Removes all rows containing at least one null value. Decorated as `@step("Drop Nulls", cacheable=True)`.

```python
result = drop_nulls(df)
```

#### `lowercase_columns`

Converts all column names to lowercase. Decorated as `@step("Lowercase Columns")`.

```python
result = lowercase_columns(df)
```

---

### DataProfiler

**Module:** `dfflow.profiling.profiler`
**Import:** `from dfflow import DataProfiler`

```python
DataProfiler.summary(df: pd.DataFrame) -> dict[str, object]
```

| Return Key | Type | Description |
|---|---|---|
| `shape` | `tuple` | `(rows, columns)` |
| `column_names` | `list[str]` | Column names |
| `null_counts` | `dict[str, int]` | Null count per column |
| `dtypes` | `dict[str, str]` | Data type per column |
| `memory_mb` | `float` | Total memory in MB |
| `duplicated_rows` | `int` | Fully duplicate row count |

```python
from dfflow import DataProfiler

summary = DataProfiler.summary(df)
for key, value in summary.items():
    print(f"{key}: {value}")
```

---

### DataFrame Diff Engine

**Module:** `dfflow.diff.dataframe_diff`

Six diff functions + one impact scorer.
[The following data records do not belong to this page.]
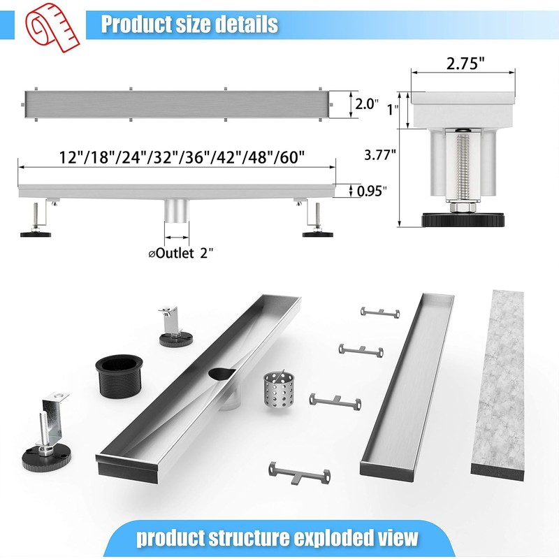 - V-Shaped Large Flow Drain: Size of linear shower drain is 42 inches long, 2.75 inches wide, and has a 2-inch drain opening. With a "V" shaped channel flow rate can reach 50-60L/min. Shower drains effectively prevent waterlogging and provide a dry, odor-free bathroom.
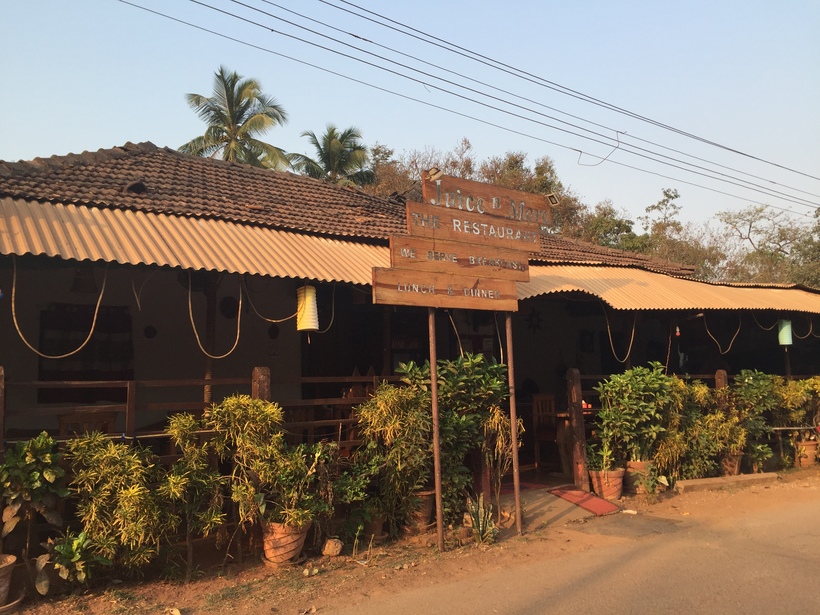 Кроме семейных историй, в меню ресторана имеются свежевыжатые соки по цене от $0,6 (40 рупий) за стакан. Из еды – индийские блюда, традиционный обед тали и вариации на тему европейской кухни. Очень недурны бургеры и сэндвичи, рекомендую томатный суп – здесь его подают со сливками и сухариками $0,9 (60 рупий). В кафе не продают алкоголь, но Джули разрешит вам принести свою выпивку при условии заказа еды. Кроме того, местный повар за скромную плату приготовит морепродукты, купленные вами на рыбном рынке. Среди клиентов заведения много европейцев-долгожителей, коротающих в Гоа свои земные денечки.
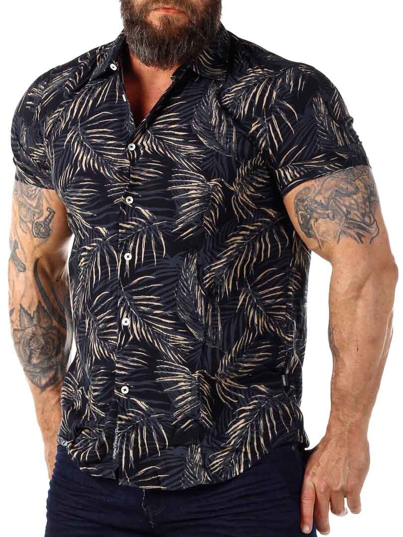 Kortærmet skjorte med bladmotiv. Den har knapper fortil, en krave og en afrundet linning forneden. Dette er en kølig skjorte, der passer godt under den varme del af sæsonen!
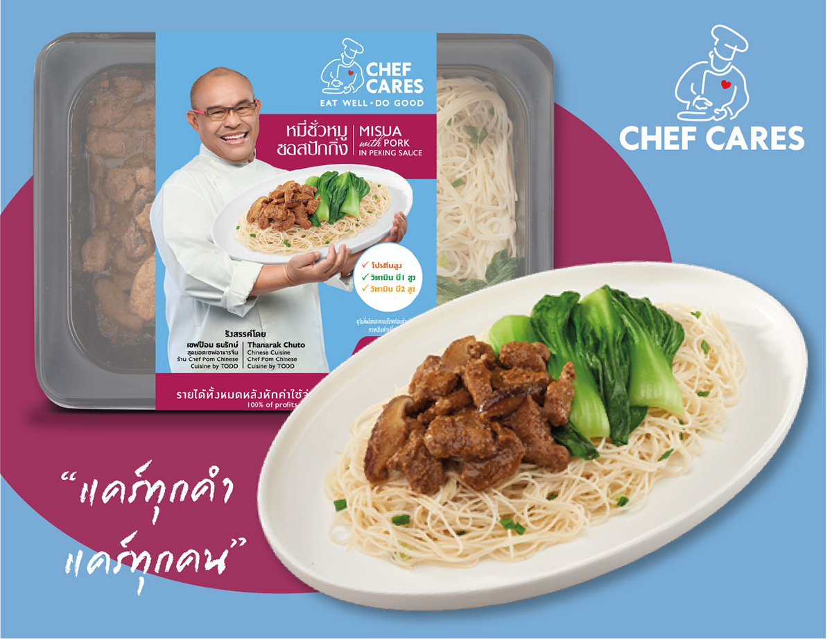 บริษัท เชฟแคร์ส โปรเจกต์ จำกัด ผู้ผลิตอาหารสำเร็จรูปพร้อมรับประทานเพื่อสุขภาพ “เชฟแคร์ส เรดดี้มีล” ขอขอบคุณ เชฟป้อม ธนรักษ์ ชูโต จากร้าน Chef Pom Chinese Cuisine By TODD ที่ได้ให้เกียรติ เข้ามามีส่วนร่วมในถ่ายทอดความห่วงใย ผ่านความอร่อยเมนูอาหารจีนกวางตุ้งแท้ๆ “หมี่ซั่วหมู ซอสปักกิ่ง” เชฟป้อม เป็นเชฟปรมาจารย์อาหารจีน มีความรู้ ความสามารถไม่เป็นสองรองใคร เริ่มศึกษาและเรียนรู้ศิลปะอาหารจีนตั้งแต่วัยเด็ก เก็บเกี่ยวประสบการณ์การทำงานในสายร้านอาหารจีนหลากหลายสไตล์ จนได้กลายมาเป็น Executive Chef ในโรงแรมระดับโลก ในปัจจุบันเชฟป้อมได้เปิดร้านอาหารจีน Chef Pom Chinese Cuisine By TODD เป็นของตัวเอง สร้างสรรค์อาหารจีนประยุกต์ ผนวกนวัตกรรมการครัว กับไอเดียเฉพาะตัว มีคาแรคเตอร์ที่โดดเด่น ผ่านเมนูร่วมสมัยหลากหลายเมนู จนสร้างชื่อให้เป็นที่ประจักษ์จากรายการแข่งขันทำอาหารชื่อดังระดับชาติ
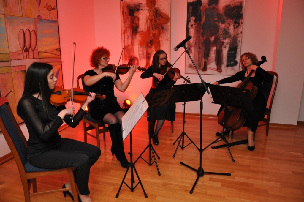 Posjetitelji su, po završetku protokolarnog dijela programa, pjenušcem nazdravili s članovima Uprave i Nadzornoga odbora Aluminija, a u razgledanju izložaka uživali su uz zvuke Mozartova Turskog marša i Boccherinijeva Menueta, u izvedbi spomenutoga Gudačkog kvarteta.
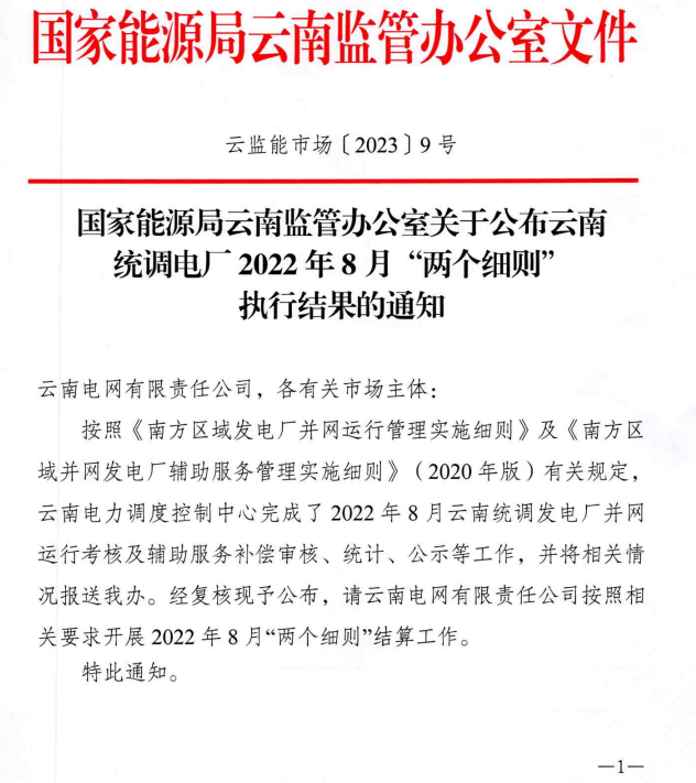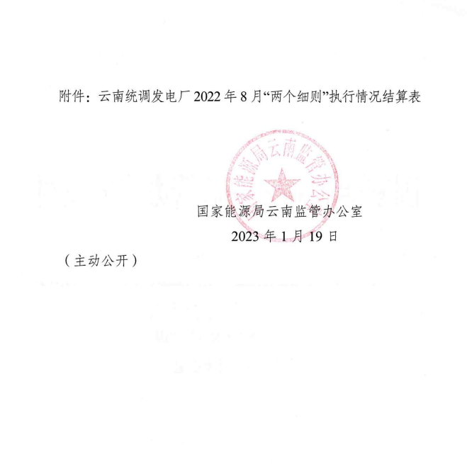 1月19日,國家能源局云南監(jiān)管辦公室公布云南統(tǒng)調電廠2022年8月“兩個細則”執(zhí)行結果。
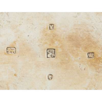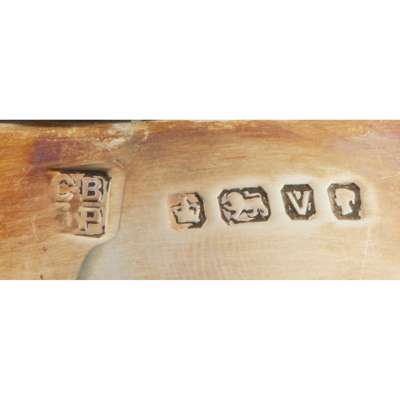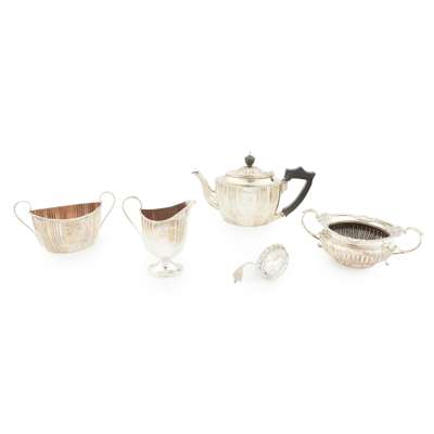 Roberts & Belk, Sheffield 1888, comprising teapot, twin handled sugar basin and helmet milk jug, all of oval outline verticle fluted detail to body, the handles with ribbed detail; together with a sugar basin, Edward Barnard & Sons Ltd, 1891 of squat circular form with fluted body and cast shell and gadrooned border with scroll handles and a caddy spoons with cherubic decoration
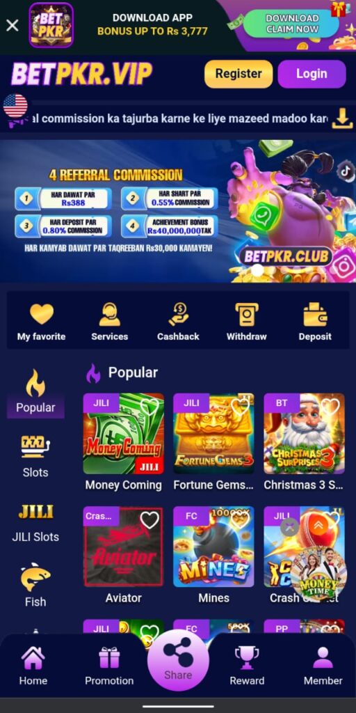 BetPKR Game offers a diverse range of games like Money Coming, Mines, Fortune Gem 3, Aviator, and many more, which give players plenty of ways to earn while having fun, especially with the free bonuses available. This game supports local payment methods, which means players can use their Easypiasa or Jazz Cash account for transactions. Anyone, even a beginner player, can easily make real money because this interface is very easy.
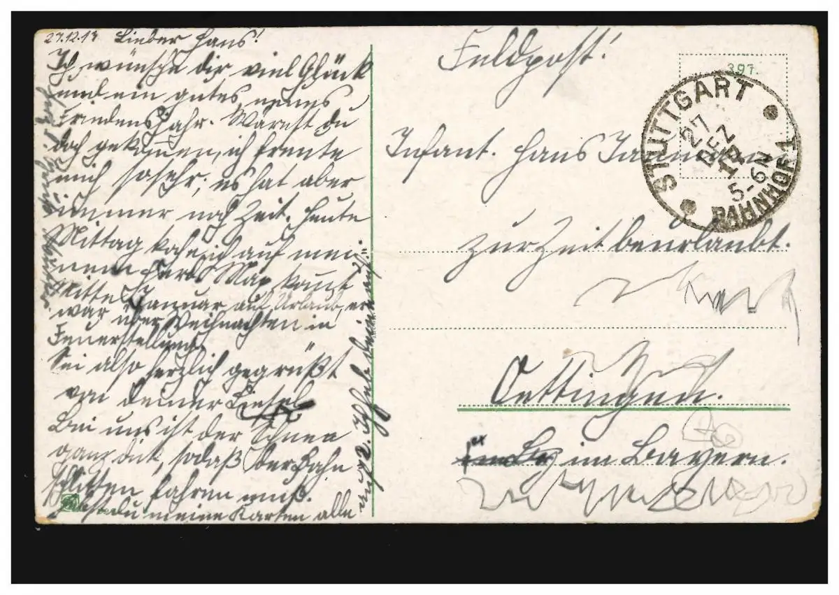 Carte postale de champ avec cachet quotidien Encercle STUTTGART BAHNHOF 27.12.1917, carte argentée Vérification: originale Référence produit: 00000000042261
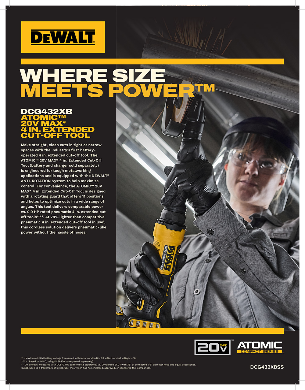 DEWALT has announced three innovative additions to its ATOMIC™ 20V MAX* lineup: the 4 In. Cut-Off Tool (DCG432XB), the 3 In. Cut-Off Tool (DCG430B), and the Extended Die Grinder (DCG420XB). These new tools are engineered for tough metalworking applications in narrow or confined workspaces while delivering optimal performance, versatility, and user safety.
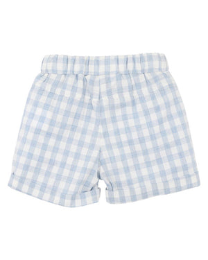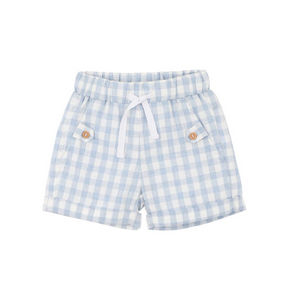 Whether it's a sunny afternoon at the park or a family day out, our Axel Check Shorts bring effortless charm to any little wardrobe. Crafted from soft cotton in a timeless blue gingham, these shorts feature an elasticated waistband with a drawstring for a comfy fit, mock pockets with wood like buttons, and neatly cuffed hems that give a smart finish. Pair with the Axel Tee, Axel Bodysuits or Axel Check Sunhat for a matching summer look.
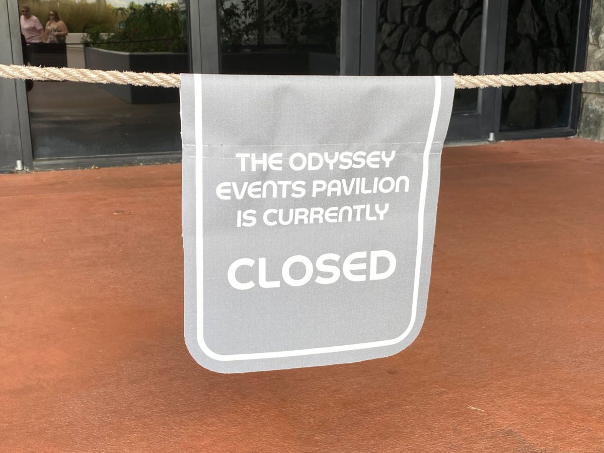 A sign hanging from the rope reads “The Odyssey Events Pavilion is currently closed.”
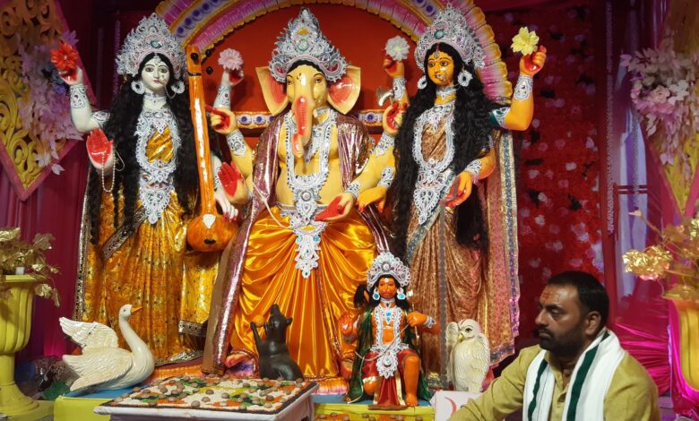 श्री गणेश, माता लक्ष्मी व मां सरस्वती की भव्य प्रतिमाओं के साथ पूजन शुरू
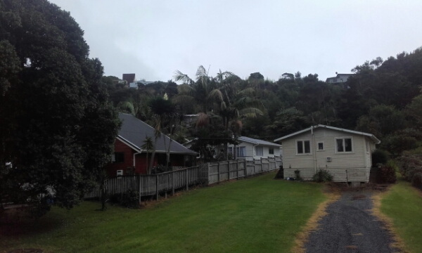 So still wanting to do a small bit of walking, I try a route Devon Scott gave me to get nice views over Paihai by walking along SCHOOL ROAD. A lot of the houses in town are up in the hills so have great sea view of the bays, so this road is the same. It’s pretty uphill and quite hard work with my aching leg, so I only go up to where the roads end, which I don’t think was the right way anyway. With no energy to look for the right way and the rain, I just make the most of the view I have a plot of land for sale where you get a cool panoramic view.
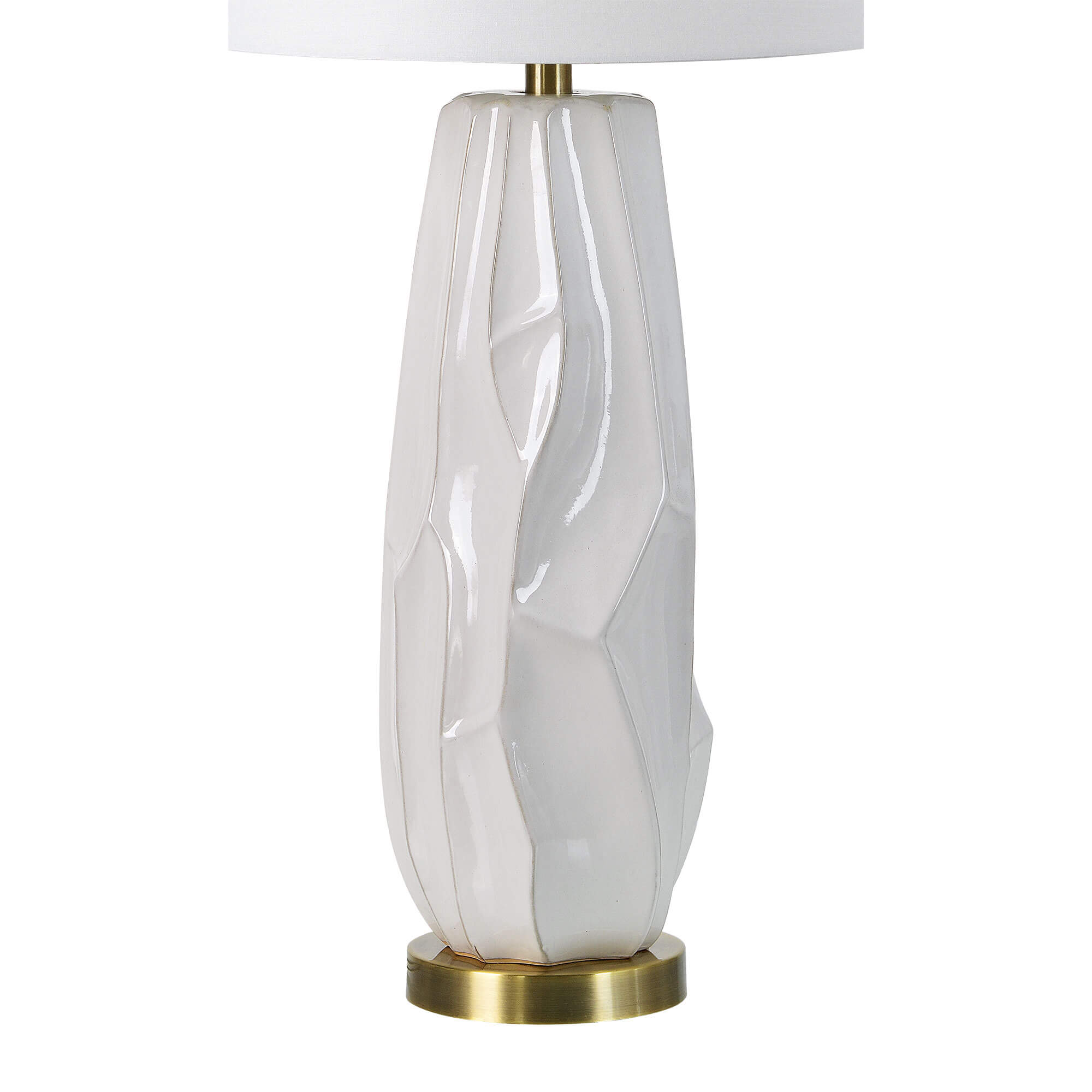 The modern living space is elevated architecturally through this table lamp design. A client who desires the appearance of sculpture in their ceramic table lamp design will consider this piece a perfect match. The bright appearance of the lamp and shade and the warmth of the antique brushed brass details lend an air of glamour and simplicity to the room it is set within.
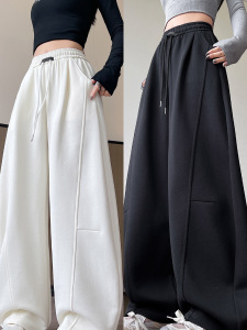大码弯刀阔腿裤女2025新款秋季胖妹妹mm高腰宽松显瘦直筒运动卫裤
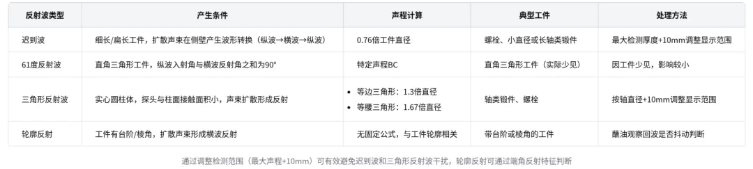- 三角形反射波:纵波检测实心圆柱体时,探头平面与柱面接触面积小,声束扩散会形成三角形反射。不发生波形转换形成等边三角形,回波声程为工件直径 1.3 倍;发生波形转换形成等腰三角形,回波声程为 1.67 倍。两种反射波位于第一次底波之后、第二次底波之前。通过调整检测范围可避免其干扰,如按轴直径加 10 毫米调整。
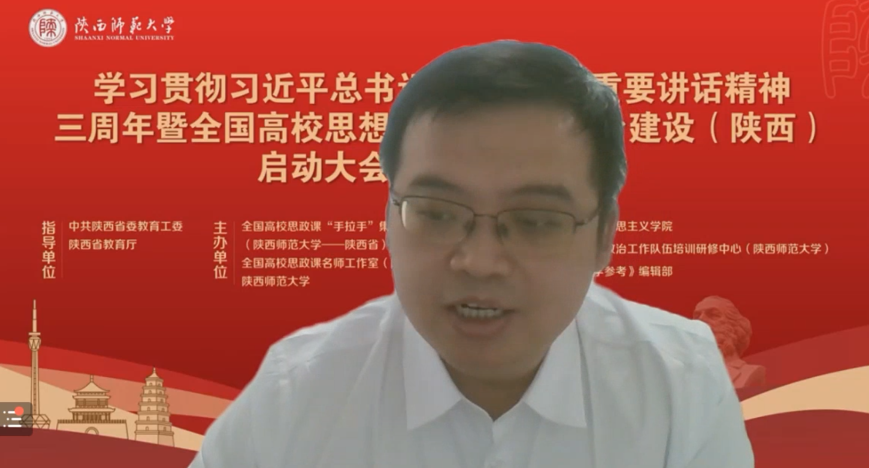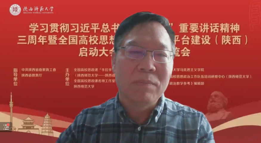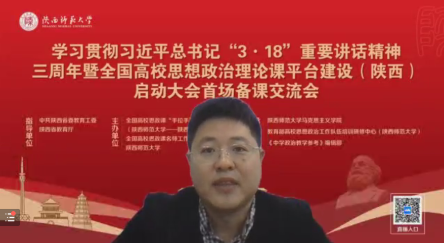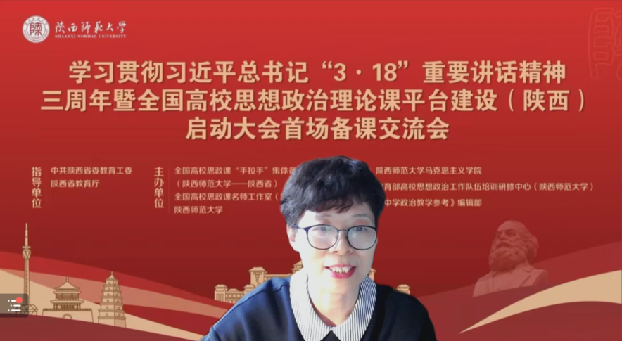 本次教学沙龙活动依托全国高校思政课“手拉手”集体备课中心(陕西师范大学——陕西省)首场线上备课交流会进行。全体思政教师在线聆听了复旦大学马克思主义学院教授、国家教学名师,教育部高等学校教学指导委员会(马克思主义理论类)委员,教育部高等学校思想政治理论课总教指委副主任委员高国希教授;西安交通大学马克思主义学院院长燕连福教授;西北大学马克思主义学院常务副院长王强教授;陕西师范大学马克思主义学院副院长张帆教授;陕西省教育科学研究院基础教育研究中心副主任夏波老师的主旨报告和思政课改革创新经验分享。在线观摩了第二届全国高校思政课教学展示特等奖获得者西安工程大学郭松副教授和西安高新一中正高级教师李育民的教学展示。随后,Beat365思政课教师在线交流了学习观摩心得。
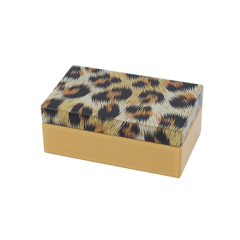 - ★Unique Two-Tone, Dual-Material Layered Design: This jewelry box utilizes a classic rectangular casing structure, composed of two main sections. The lid features a vibrant, realistic leopard print pattern, where brown, black, and amber tones intertwine, creating a strong Home Decor visual impact. The base (assumed smooth acrylic or glass) is a high-gloss solid amber (or light tan-yellow) color. This combination of a wild top and minimalist base creates a bold and luxurious Home Decor style.

Called automatically with `show_observability=True`, but usable standalone.

#### Layer 1 — Structure

| Function | Returns |
|---|---|
| `shape_diff(before, after)` | Row/column counts before/after, added/removed |
| `column_diff(before, after)` | Columns added/removed |

#### Layer 2 — Data Observability

| Function | Returns |
|---|---|
| `null_diff(before, after)` | Null counts before/after, added/removed |
| `memory_diff(before, after)` | Memory in MB before/after, delta |
| `duplicate_diff(before, after)` | Duplicate counts before/after, added/removed |
| `dtype_diff(before, after)` | Columns with changed dtypes |

#### Layer 3 — Impact Scoring

```python
impact_score(before_df, after_df) -> dict[str, object]
```

| Condition | Severity |
|---|---|
| Row change > 20% or null increase > 10% or memory change > 50% or dtype changed or duplicates added > 1000 | `HIGH` |
| Row change > 5% or null increase > 2% or memory change > 20% or duplicates added > 100 | `MEDIUM` |
| All other cases | `LOW` |

```python
from dfflow.diff.dataframe_diff import impact_score

result = impact_score(before, after)
print(result["impact_level"])    # HIGH / MEDIUM / LOW
print(result["row_change_pct"])  # e.g. 35.0
```

---

### Observability Formatter

**Module:** `dfflow.diff.observability_formatter`

Aggregates all diff functions into a single human-readable report. Called automatically when `show_observability=True`.

```
[OBSERVABILITY] Drop Nulls
Impact: HIGH

Rows: 1000 → 650 (-35.00%)
Nulls Added: 0
Nulls Removed: 350

Memory: 0.128MB → 0.083MB
Memory Change: -0.045 MB

Duplicates Added: 0
Duplicates Removed: 12

Dtype Changes: None
```

---

### Pipeline Visualizer

**Module:** `dfflow.viz.pipeline_viz`

```python
text_visualize(nodes: list[Step | Branch]) -> str
```

Generates a dependency-free ASCII diagram. Returns `"Pipeline: (empty)"` for empty pipelines.

---

### Hashing Utility

**Module:** `dfflow.utils.hashing`

```python
hash_df(df: pd.DataFrame) -> str
```

Generates a deterministic MD5 fingerprint of DataFrame contents. Used internally for step caching. Falls back to string casting for unhashable column types.

---

### Exceptions

**Module:** `dfflow.core.exceptions`

#### `PipelineStepError`

Raised when a step raises an exception, returns a non-DataFrame, or a branch condition raises an exception.

```python
from dfflow.core.exceptions import PipelineStepError

try:
    pipeline.run(df)
except PipelineStepError as e:
    print(e.step_name)  # Name of the failed step
    print(str(e))       # "Pipeline step failed: {step_name}"
```

---

## Examples

Practical usage examples are available in the
[`examples/`](./examples) directory, including:

| File | Demonstrates                                           |
|---|--------------------------------------------------------|
| `01_basic_pipeline.py` | `FlowPipeline`, `@step`, `visualize()`                 |
| `02_logging.py` | `DFLogger` text and JSON modes                         |
| `03_branching.py` | `Branch`, multiple conditions                          |
| `04_observability.py` | `cacheable=True`, `DataProfiler`, `show_observability` |
| `05_sales_report.py` | All features — demo sales pipeline                     |



---

## License

This project is licensed under the **MIT License**.